## WHAT THE TASK REQUIRES
Set down word for word the lines that begin the entries and run through the line containing "首元のレースとリボンがポイント!". Give nothing further.

[Records from a data source]
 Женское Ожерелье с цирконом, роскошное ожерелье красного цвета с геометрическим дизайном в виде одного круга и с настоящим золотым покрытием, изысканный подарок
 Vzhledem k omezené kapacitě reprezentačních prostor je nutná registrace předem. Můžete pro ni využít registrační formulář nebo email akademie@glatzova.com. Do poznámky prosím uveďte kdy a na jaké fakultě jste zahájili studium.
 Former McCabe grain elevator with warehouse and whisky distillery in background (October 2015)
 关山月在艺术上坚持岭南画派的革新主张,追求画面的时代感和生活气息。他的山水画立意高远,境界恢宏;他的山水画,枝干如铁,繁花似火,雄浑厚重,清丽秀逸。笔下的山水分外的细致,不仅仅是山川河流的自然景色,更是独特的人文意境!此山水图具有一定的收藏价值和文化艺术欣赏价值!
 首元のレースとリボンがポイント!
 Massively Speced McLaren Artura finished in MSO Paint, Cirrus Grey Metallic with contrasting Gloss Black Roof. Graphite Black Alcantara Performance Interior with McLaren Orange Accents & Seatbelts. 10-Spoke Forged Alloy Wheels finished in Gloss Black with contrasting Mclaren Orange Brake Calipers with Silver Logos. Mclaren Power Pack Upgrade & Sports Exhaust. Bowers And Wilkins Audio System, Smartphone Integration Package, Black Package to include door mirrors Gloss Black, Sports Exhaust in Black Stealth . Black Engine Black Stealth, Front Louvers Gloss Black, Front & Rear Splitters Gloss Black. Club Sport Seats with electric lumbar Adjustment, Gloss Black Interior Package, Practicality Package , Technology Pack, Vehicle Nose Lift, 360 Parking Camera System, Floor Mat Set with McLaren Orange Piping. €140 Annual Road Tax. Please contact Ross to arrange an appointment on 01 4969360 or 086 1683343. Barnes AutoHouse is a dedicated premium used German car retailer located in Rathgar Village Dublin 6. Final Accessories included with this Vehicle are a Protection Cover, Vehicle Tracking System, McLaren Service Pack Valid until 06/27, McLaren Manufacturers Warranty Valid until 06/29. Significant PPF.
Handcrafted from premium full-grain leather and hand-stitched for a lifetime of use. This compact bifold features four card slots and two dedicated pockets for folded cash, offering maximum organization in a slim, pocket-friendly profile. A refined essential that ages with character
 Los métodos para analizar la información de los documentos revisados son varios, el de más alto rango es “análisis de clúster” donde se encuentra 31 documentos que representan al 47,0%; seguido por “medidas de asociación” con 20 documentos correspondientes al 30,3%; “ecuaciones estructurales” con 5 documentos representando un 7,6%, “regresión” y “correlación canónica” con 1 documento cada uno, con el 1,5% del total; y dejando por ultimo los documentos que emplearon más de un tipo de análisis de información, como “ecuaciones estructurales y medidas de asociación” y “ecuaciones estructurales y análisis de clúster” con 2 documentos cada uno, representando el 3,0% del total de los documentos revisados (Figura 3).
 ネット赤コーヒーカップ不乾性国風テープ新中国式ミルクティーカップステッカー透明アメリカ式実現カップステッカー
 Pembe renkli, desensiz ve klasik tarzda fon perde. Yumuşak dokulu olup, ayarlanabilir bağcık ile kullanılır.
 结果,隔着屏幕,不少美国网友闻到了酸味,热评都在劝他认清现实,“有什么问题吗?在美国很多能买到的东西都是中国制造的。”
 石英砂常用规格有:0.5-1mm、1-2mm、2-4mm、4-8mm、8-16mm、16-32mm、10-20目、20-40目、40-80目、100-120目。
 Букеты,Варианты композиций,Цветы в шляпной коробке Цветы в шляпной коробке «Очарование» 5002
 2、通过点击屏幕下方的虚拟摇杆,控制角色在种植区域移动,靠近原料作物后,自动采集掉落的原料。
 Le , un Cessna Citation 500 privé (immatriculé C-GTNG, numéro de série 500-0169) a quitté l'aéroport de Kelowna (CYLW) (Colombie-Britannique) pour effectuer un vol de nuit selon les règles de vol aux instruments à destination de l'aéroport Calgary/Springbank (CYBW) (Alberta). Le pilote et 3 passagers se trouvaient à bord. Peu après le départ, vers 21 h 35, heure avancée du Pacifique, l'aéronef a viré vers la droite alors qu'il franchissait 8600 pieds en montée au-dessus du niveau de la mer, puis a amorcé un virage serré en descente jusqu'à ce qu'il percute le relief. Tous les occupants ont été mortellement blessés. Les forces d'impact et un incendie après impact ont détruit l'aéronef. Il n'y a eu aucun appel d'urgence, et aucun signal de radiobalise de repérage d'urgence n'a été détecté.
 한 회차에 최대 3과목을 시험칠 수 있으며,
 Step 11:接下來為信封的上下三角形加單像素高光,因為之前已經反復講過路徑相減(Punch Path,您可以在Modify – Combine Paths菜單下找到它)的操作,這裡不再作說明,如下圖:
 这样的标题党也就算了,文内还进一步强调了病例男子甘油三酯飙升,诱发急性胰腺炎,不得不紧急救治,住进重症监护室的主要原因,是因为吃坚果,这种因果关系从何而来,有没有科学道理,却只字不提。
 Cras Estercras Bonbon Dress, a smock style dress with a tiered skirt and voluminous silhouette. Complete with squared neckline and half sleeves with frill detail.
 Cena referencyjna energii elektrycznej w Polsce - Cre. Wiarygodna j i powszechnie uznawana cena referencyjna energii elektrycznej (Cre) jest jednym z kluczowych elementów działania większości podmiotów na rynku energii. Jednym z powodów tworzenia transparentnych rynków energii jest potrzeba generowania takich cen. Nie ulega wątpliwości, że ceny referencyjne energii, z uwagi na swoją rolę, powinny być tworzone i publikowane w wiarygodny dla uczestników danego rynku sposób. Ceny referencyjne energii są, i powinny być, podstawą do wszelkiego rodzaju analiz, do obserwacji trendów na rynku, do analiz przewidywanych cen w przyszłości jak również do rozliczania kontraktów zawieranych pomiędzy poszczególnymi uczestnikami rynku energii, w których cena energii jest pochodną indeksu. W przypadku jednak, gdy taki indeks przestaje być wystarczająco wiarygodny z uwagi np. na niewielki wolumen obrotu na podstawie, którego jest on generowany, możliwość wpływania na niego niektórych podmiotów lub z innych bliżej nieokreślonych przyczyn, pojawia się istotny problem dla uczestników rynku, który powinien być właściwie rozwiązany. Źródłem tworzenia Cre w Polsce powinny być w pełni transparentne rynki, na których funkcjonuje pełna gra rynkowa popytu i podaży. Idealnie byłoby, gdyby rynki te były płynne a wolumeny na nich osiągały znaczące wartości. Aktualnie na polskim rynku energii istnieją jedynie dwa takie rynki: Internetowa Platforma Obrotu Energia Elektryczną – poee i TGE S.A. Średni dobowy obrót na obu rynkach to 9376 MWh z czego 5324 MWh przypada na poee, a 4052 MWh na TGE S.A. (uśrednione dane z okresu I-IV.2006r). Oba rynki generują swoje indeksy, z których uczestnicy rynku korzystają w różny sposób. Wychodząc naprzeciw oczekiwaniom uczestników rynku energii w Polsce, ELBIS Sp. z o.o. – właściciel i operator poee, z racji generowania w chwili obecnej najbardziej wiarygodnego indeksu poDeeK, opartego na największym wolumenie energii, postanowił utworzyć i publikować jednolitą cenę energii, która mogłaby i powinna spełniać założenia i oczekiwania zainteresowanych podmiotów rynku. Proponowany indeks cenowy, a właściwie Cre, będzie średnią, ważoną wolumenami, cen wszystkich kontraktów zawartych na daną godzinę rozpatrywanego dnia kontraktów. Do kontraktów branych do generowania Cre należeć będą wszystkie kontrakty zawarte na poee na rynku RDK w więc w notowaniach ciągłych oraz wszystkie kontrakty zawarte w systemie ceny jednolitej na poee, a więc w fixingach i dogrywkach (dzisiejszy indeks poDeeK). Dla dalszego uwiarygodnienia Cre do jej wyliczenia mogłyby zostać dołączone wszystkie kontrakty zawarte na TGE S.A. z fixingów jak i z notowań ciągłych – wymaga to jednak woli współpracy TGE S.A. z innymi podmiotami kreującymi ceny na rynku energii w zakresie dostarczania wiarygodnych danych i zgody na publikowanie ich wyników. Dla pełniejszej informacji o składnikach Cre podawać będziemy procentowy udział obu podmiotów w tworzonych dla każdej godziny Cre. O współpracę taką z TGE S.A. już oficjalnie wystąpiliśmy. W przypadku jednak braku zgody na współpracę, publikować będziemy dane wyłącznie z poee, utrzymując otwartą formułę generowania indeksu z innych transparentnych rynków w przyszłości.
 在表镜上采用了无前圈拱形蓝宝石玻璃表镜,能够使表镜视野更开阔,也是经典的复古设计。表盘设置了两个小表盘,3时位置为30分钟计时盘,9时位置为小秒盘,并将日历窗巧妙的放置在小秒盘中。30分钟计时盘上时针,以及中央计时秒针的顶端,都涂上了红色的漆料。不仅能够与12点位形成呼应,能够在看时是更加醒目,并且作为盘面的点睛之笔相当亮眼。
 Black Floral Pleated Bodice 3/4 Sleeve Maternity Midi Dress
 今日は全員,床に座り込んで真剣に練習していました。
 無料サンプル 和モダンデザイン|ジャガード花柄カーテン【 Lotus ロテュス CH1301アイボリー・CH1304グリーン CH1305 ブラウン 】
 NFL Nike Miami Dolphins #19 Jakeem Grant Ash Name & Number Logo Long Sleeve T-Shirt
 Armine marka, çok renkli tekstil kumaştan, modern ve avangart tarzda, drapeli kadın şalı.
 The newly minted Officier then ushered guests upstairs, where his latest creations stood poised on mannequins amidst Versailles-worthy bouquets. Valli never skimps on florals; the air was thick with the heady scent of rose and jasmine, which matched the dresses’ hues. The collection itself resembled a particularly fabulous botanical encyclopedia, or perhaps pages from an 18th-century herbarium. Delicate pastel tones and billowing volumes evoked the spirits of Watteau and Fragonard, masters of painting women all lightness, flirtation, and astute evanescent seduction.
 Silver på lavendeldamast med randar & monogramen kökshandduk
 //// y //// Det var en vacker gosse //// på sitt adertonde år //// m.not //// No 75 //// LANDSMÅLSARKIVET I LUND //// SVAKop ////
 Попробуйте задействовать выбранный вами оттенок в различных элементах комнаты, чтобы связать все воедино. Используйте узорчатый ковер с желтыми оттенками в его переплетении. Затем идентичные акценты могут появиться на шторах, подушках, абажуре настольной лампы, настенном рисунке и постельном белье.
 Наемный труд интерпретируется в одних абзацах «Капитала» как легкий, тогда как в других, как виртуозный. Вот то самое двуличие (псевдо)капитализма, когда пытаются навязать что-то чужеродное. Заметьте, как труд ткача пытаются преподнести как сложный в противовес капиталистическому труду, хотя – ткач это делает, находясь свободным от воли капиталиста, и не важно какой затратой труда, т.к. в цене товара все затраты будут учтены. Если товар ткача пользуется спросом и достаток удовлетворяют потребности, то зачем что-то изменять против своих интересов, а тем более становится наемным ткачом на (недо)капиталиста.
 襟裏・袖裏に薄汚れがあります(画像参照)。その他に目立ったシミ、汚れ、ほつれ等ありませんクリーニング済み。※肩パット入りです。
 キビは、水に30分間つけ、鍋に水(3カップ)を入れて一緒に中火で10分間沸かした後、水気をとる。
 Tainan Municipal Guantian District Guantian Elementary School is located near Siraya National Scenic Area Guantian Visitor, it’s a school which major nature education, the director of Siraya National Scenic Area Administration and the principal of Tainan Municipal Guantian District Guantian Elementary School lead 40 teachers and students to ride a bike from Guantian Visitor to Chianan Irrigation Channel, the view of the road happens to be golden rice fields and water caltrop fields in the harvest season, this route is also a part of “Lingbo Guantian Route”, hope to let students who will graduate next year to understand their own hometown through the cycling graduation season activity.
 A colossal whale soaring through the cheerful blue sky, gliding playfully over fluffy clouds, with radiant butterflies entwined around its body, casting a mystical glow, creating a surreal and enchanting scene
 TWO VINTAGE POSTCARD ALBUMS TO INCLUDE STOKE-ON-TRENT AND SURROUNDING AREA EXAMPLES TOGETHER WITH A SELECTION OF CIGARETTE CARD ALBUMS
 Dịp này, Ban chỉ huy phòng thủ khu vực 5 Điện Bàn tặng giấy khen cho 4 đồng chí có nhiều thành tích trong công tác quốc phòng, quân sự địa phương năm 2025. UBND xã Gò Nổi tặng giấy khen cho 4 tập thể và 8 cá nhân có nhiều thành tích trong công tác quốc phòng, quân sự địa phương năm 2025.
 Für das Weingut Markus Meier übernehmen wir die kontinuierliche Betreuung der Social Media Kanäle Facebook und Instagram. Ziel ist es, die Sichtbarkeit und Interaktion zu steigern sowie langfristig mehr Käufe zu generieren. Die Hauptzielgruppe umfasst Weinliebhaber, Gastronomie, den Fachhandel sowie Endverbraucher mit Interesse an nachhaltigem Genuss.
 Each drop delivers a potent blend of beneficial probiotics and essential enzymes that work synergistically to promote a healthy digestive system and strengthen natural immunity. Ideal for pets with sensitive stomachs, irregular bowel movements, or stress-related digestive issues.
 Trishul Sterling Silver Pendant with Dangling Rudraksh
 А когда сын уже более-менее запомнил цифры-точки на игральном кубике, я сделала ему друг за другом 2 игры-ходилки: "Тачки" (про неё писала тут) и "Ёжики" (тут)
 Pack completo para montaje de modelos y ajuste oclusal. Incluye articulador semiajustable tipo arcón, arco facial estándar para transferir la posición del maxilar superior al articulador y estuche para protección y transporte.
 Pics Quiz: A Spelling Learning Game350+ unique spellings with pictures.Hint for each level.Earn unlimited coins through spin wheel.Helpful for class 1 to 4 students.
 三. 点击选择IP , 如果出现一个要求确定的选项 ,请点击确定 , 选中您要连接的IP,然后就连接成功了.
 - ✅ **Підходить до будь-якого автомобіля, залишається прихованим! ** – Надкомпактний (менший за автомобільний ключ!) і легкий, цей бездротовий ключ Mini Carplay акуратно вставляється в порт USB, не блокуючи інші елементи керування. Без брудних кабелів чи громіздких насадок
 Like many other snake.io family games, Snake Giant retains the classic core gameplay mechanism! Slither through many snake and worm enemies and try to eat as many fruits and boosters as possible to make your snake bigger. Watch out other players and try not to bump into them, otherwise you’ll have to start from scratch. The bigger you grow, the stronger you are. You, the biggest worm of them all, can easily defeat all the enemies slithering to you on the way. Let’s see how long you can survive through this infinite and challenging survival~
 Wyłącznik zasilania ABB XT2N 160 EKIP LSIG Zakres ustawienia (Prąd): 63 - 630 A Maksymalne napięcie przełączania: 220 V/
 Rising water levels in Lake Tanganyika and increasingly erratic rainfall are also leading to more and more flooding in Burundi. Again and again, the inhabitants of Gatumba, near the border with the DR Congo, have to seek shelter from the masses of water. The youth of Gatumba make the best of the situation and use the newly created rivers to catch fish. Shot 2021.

## WORKED SOLUTION
 Женское Ожерелье с цирконом, роскошное ожерелье красного цвета с геометрическим дизайном в виде одного круга и с настоящим золотым покрытием, изысканный подарок
 Vzhledem k omezené kapacitě reprezentačních prostor je nutná registrace předem. Můžete pro ni využít registrační formulář nebo email akademie@glatzova.com. Do poznámky prosím uveďte kdy a na jaké fakultě jste zahájili studium.
 Former McCabe grain elevator with warehouse and whisky distillery in background (October 2015)
 关山月在艺术上坚持岭南画派的革新主张,追求画面的时代感和生活气息。他的山水画立意高远,境界恢宏;他的山水画,枝干如铁,繁花似火,雄浑厚重,清丽秀逸。笔下的山水分外的细致,不仅仅是山川河流的自然景色,更是独特的人文意境!此山水图具有一定的收藏价值和文化艺术欣赏价值!
 首元のレースとリボンがポイント!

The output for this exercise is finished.